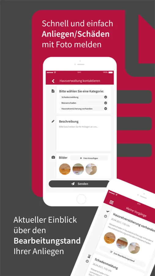 Als Mieter oder Eigentümer können Sie Schäden oder Anliegen direkt mit Fotos über unsere App melden. Ihre Anfragen stehen unseren Mitarbeiten dann zur Verfügung und können auch an Handwerksbetriebe weitergeleitet werden.
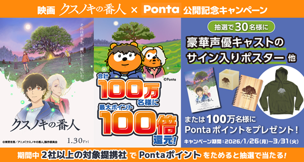 2026年1月26日7:20 共通ポイントサービス「Ponta(ポンタ)」を運営するロイヤ… 続きを読む »アニメ映画「クスノキの番人」でPonta提携社等46社以上のキャンペーン(LM)
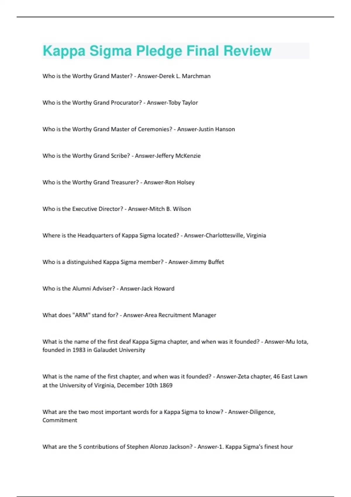 Who is the Worthy Grand Master? - Answer-Derek L. Marchman Who is the Worthy Grand Procurator? - Answer-Toby Taylor Who is the Worthy Grand Master of Ceremonies? - Answer-Justin Hanson Who is the Worthy Grand Scribe? - Answer-Jeffery McKenzie Who is the Worthy Grand Treasurer? - Answer-Ron Holsey Who is the Executive Director? - Answer-Mitch B. Wilson Where is the Headquarters of Kappa Sigma located? - Answer-Charlottesville, Virginia Who is a distinguished Kappa Sigma member? - Answer-Jimmy Buffet Who is the Alumni Adviser? - Answer-Jack Howard What does "ARM" stand for? - Answer-Area Recruitment Manager What is the name of the first deaf Kappa Sigma chapter, and when was it founded? - Answer-Mu Iota, founded in 1983 in Galaudet University What is the name of the first chapter, and when was it founded? - Answer-Zeta chapter, 46 East Lawn at the University of Virginia, December 10th 1869 What are the two most important words for a Kappa Sigma to know? - Answer-Diligence, Commitment What are the 5 contributions of Stephen Alonzo Jackson? - Answer-1. Kappa Sigma's finest hour2. Created the SEC 3. Perfected the ritual 4. Conclave conventions 5. Jackson's charge When and where was the first conclave? - Answer-Baltimore, Maryland, July 5th and 6th 1876 What is the "IMH"? - Answer-International headquarters in Charlottesville, Virginia What were the qualities Williams and Bowen were looking for in new members? - Answer-Congenial, and Trustworthy Where were early Kappa Sigma meetings held? - Answer-Above McKennie's bookstore What should be learned by the fact that Stephen Alonzo Jackson was almost denied membership to KS? - Answer-Be very careful with membership selection. Who was the Golden-Hearted Virginian? - Answer-Stephen Alonzo Jackson
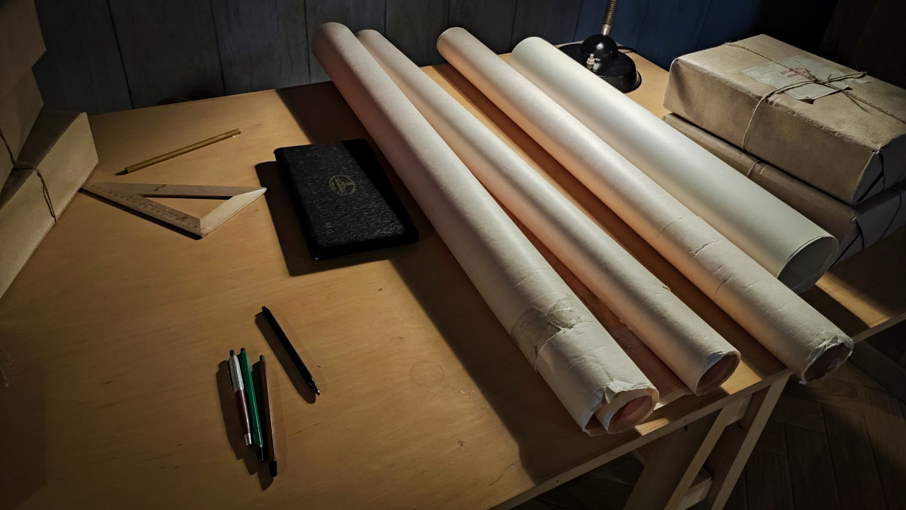 Стол с чертежами и инструментами в исторической зоне павильона «Атом»
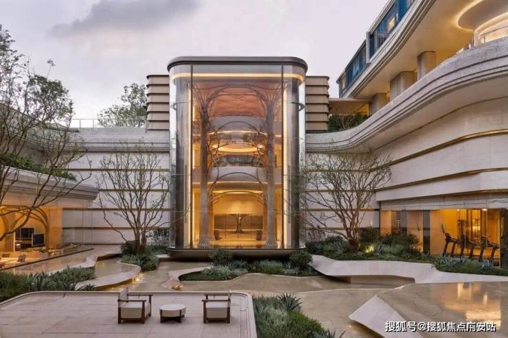 因项目整体抬高,从下沉庭院到架空层“空中花园”的落差极大,形成独特的峡谷地貌,杭序府的设计团队汲取九溪烟树为造园灵感,打造一个立体多维的城市溪谷交互园林;因项目毗邻江岸,杭序府的外立面以“站立的江潮”为灵感,
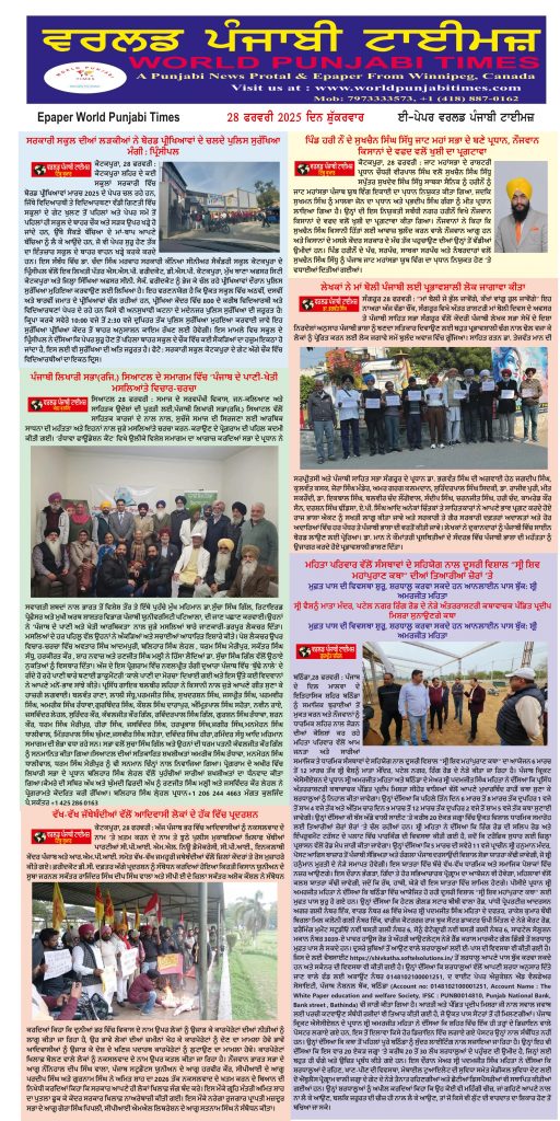 Posted inਈ-ਪੇਪਰ World Punjabi Times-28.02.2025 Posted by worldpunjabitimes February 28, 2025No Comments 28.02.25Download worldpunjabitimes View All Posts Post navigation Previous Post ਸਰਕਾਰੀ ਸਕੂਲ ਦੀਆਂ ਲੜਕੀਆਂ ਨੇ ਬੋਰਡ ਪ੍ਰੀਖਿਆਵਾਂ ਦੇ ਚਲਦੇ ਪੁਲਿਸ ਸੁਰੱਖਿਆ ਮੰਗੀ : ਪ੍ਰਿੰਸੀਪਲNext Postਅਹਿਸਾਨ ਫ਼ਰਾਮੋਸ਼
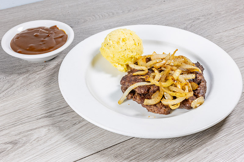 A 10 oz. Texas Wagyu ground steak topped with bell peppers, mushrooms, and sauteed onions. Served with mashed potatoes and brown gravy.
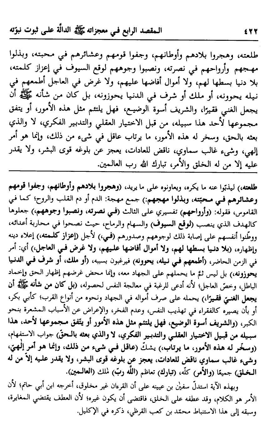 طلعته، وهجروا بلادهم وأوطانهم، وجفوا قومهم وعشائرهم في محبته، وبذلوا مهجهم وأرواحهم في نصرته، ونصبوا وجوههم لوقع السيوف في إعزاز كلمته، بلا دنيا بسطها لهم، ولا أموال أفاضها عليهم، ولا غرض في العاجل أطمعهم في نيله يحوونه، أو ملك أو شرف في الدنيا يحوزونه، بل كان من شأنه -صلى الله عليه وسلم- أن يجعل الغني فقيرًا، والشريف أسوة الوضيع، فهل يلتئم مثل هذه الأمور، أو يتفق مجموعها لأحد هذا سبيله، من قِبَل الاختيار العقلي والتدبير الفكري، لا والذي بعثه بالحق، وسخر له هذه الأمور، ما يرتاب عاقل في شيء من ذلك، وإنما هو أمر إلهي، وشيء غالب سماوي، ناقض للعادات، يعجز عن بلوغه قوى البشر، ولا يقدر عليه إلا من له الخلق والأمر، تبارك الله رب العالمين.
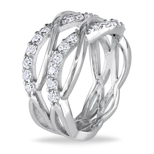 This beautiful ring is made with round-cut white cubic zirconia gemstones set in sterling silver. The fancy ring glimmers with high polished finish.
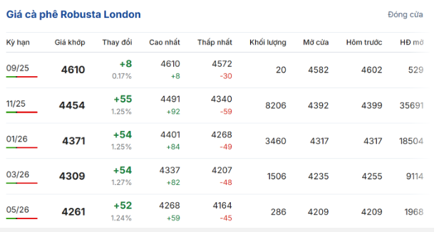 Kết thúc phiên giao dịch ngày 3/9, trên sàn giao dịch London, giá cà phê trực tuyến robusta hợp đồng giao kỳ hạn tháng 9/2025 đạt 4.610 USD/tấn, đảo chiều tăng nhẹ 0,17% (8 USD/tấn) so với phiên giao dịch trước. Hợp đồng giao kỳ hạn tháng 11/2025 tăng mạnh hơn, với mức tăng 1,25% (55 USD/tấn), đạt 4.454 USD/tấn.
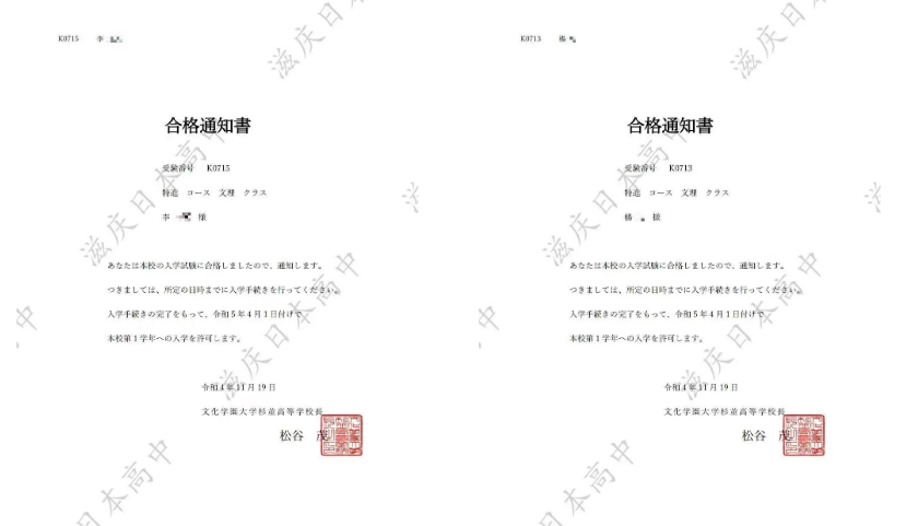 今天上午,随着一份来自日本冈山学艺馆高等学校的合格通知书,我们滋庆日本名校高中直升班2022届的升学目标圆满达成!这是我们滋庆中日班连续第七年以100%的合格率达成升学计划!
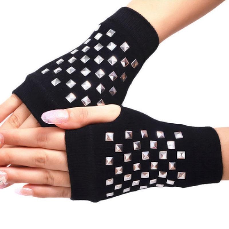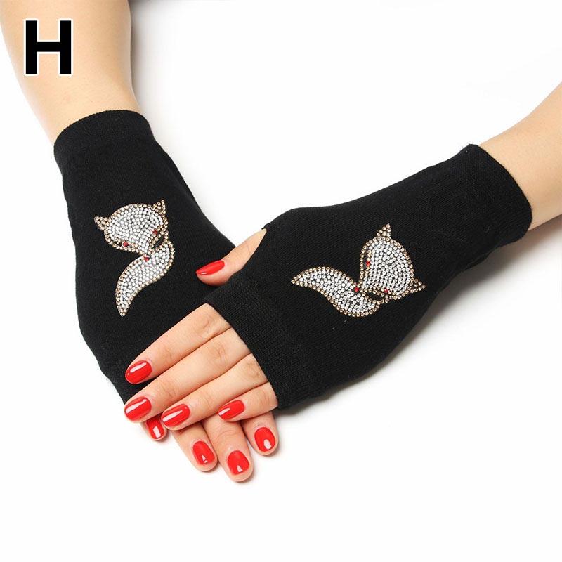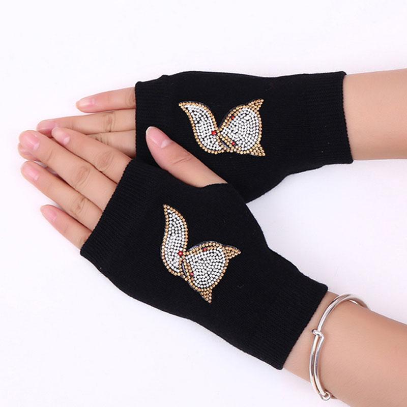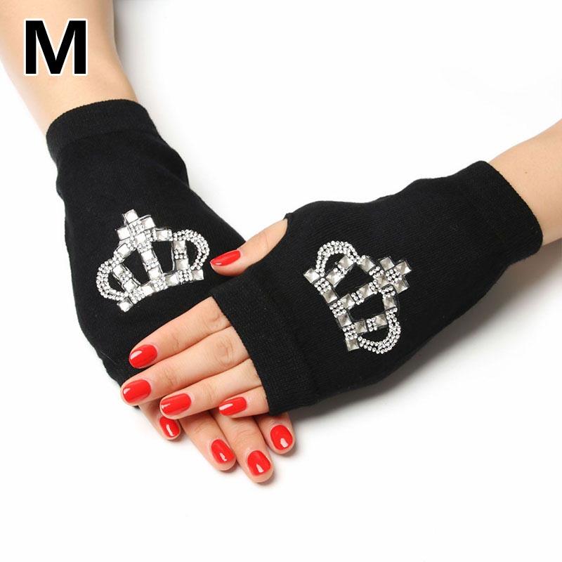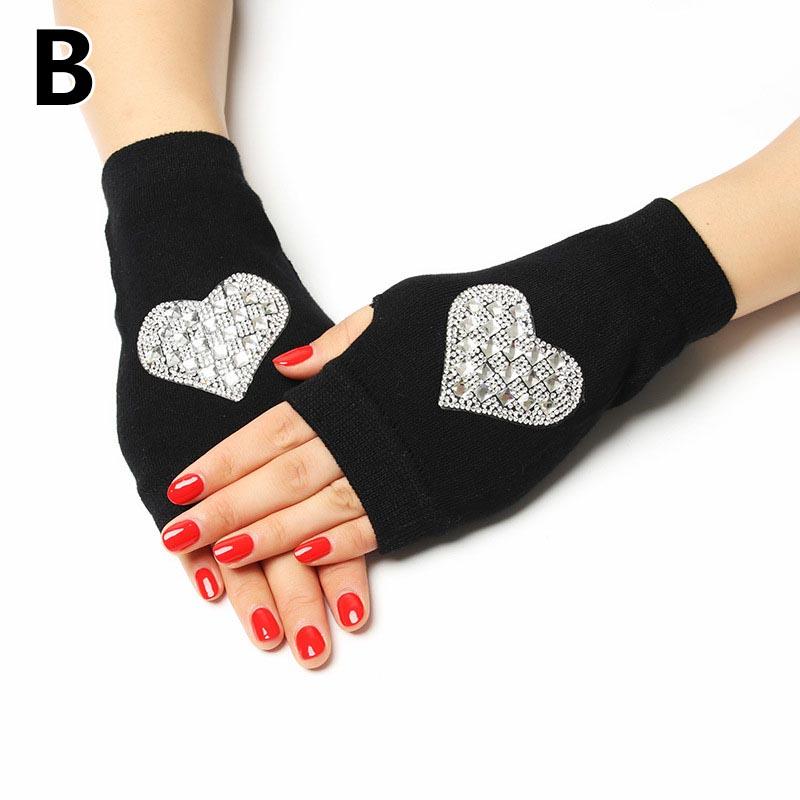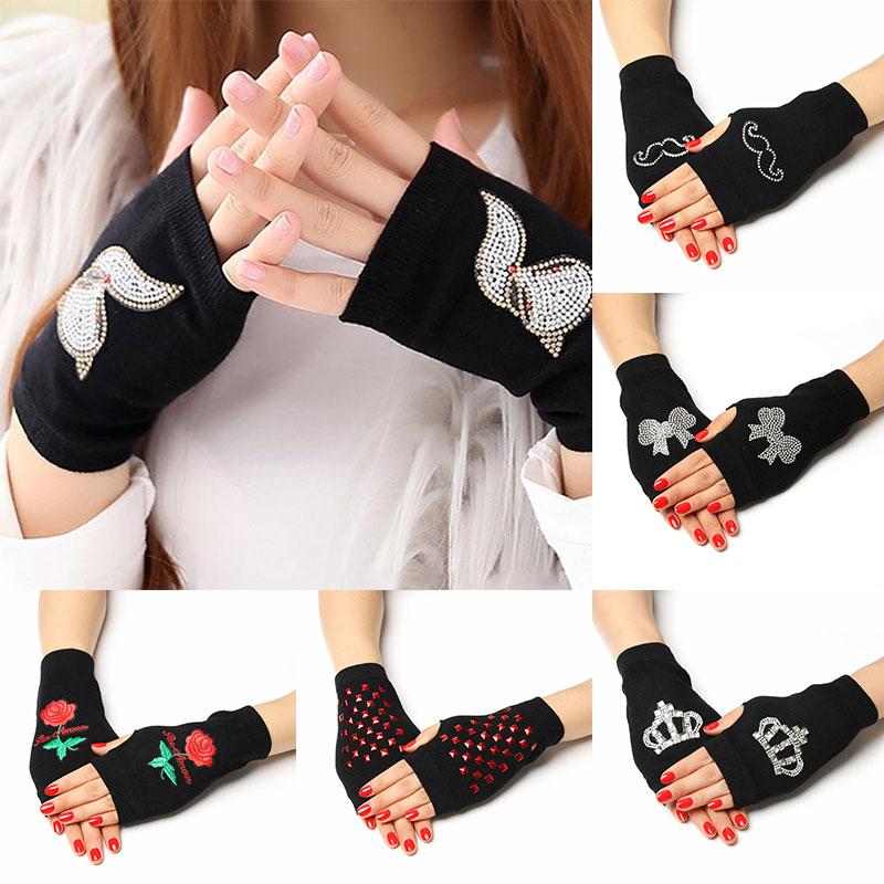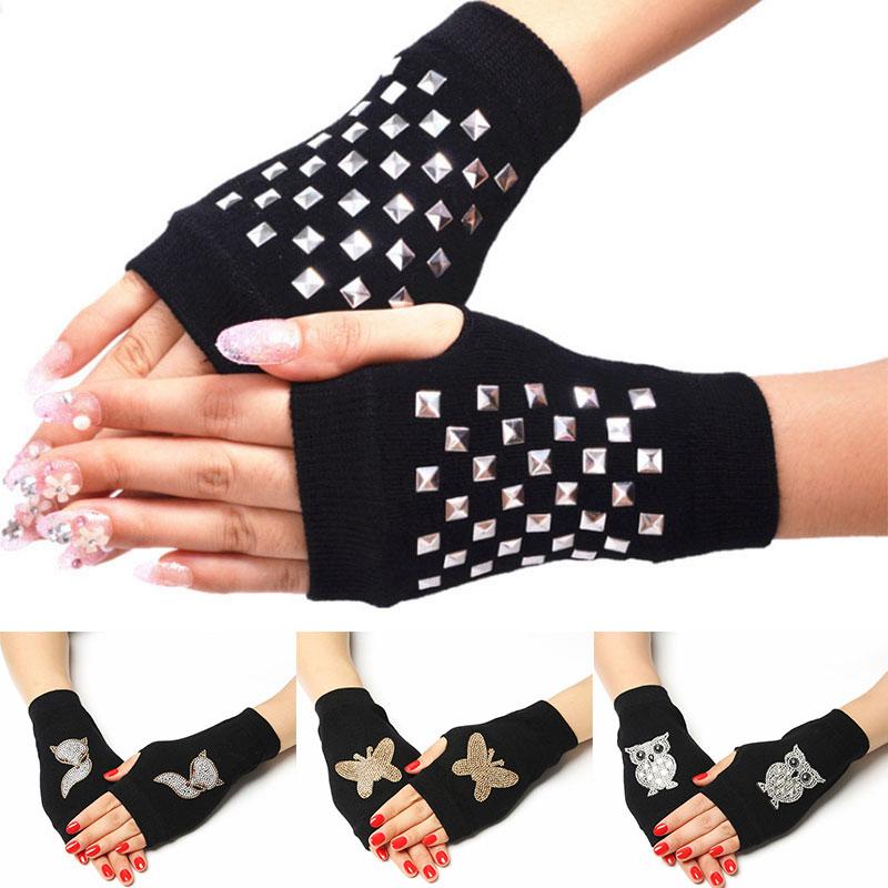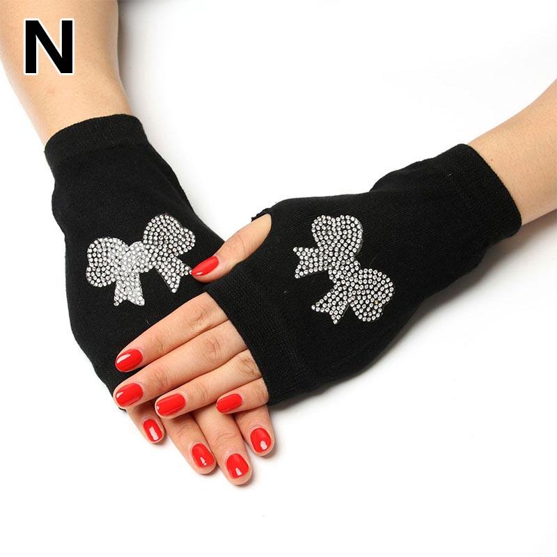 Женские вязаные перчатки без пальцев с сенсорным экраном, теплые зимние перчатки со сверкающими стразами
※
_Your task_
Above are the records. Copy only the lines from the one with "Posted inਈ-ਪੇਪਰ World" through the one with "This beautiful ring", exactly, with no pictures.

_Reply to the exercise_
 Posted inਈ-ਪੇਪਰ World Punjabi Times-28.02.2025 Posted by worldpunjabitimes February 28, 2025No Comments 28.02.25Download worldpunjabitimes View All Posts Post navigation Previous Post ਸਰਕਾਰੀ ਸਕੂਲ ਦੀਆਂ ਲੜਕੀਆਂ ਨੇ ਬੋਰਡ ਪ੍ਰੀਖਿਆਵਾਂ ਦੇ ਚਲਦੇ ਪੁਲਿਸ ਸੁਰੱਖਿਆ ਮੰਗੀ : ਪ੍ਰਿੰਸੀਪਲNext Postਅਹਿਸਾਨ ਫ਼ਰਾਮੋਸ਼
 A 10 oz. Texas Wagyu ground steak topped with bell peppers, mushrooms, and sauteed onions. Served with mashed potatoes and brown gravy.
 طلعته، وهجروا بلادهم وأوطانهم، وجفوا قومهم وعشائرهم في محبته، وبذلوا مهجهم وأرواحهم في نصرته، ونصبوا وجوههم لوقع السيوف في إعزاز كلمته، بلا دنيا بسطها لهم، ولا أموال أفاضها عليهم، ولا غرض في العاجل أطمعهم في نيله يحوونه، أو ملك أو شرف في الدنيا يحوزونه، بل كان من شأنه -صلى الله عليه وسلم- أن يجعل الغني فقيرًا، والشريف أسوة الوضيع، فهل يلتئم مثل هذه الأمور، أو يتفق مجموعها لأحد هذا سبيله، من قِبَل الاختيار العقلي والتدبير الفكري، لا والذي بعثه بالحق، وسخر له هذه الأمور، ما يرتاب عاقل في شيء من ذلك، وإنما هو أمر إلهي، وشيء غالب سماوي، ناقض للعادات، يعجز عن بلوغه قوى البشر، ولا يقدر عليه إلا من له الخلق والأمر، تبارك الله رب العالمين.
 This beautiful ring is made with round-cut white cubic zirconia gemstones set in sterling silver. The fancy ring glimmers with high polished finish.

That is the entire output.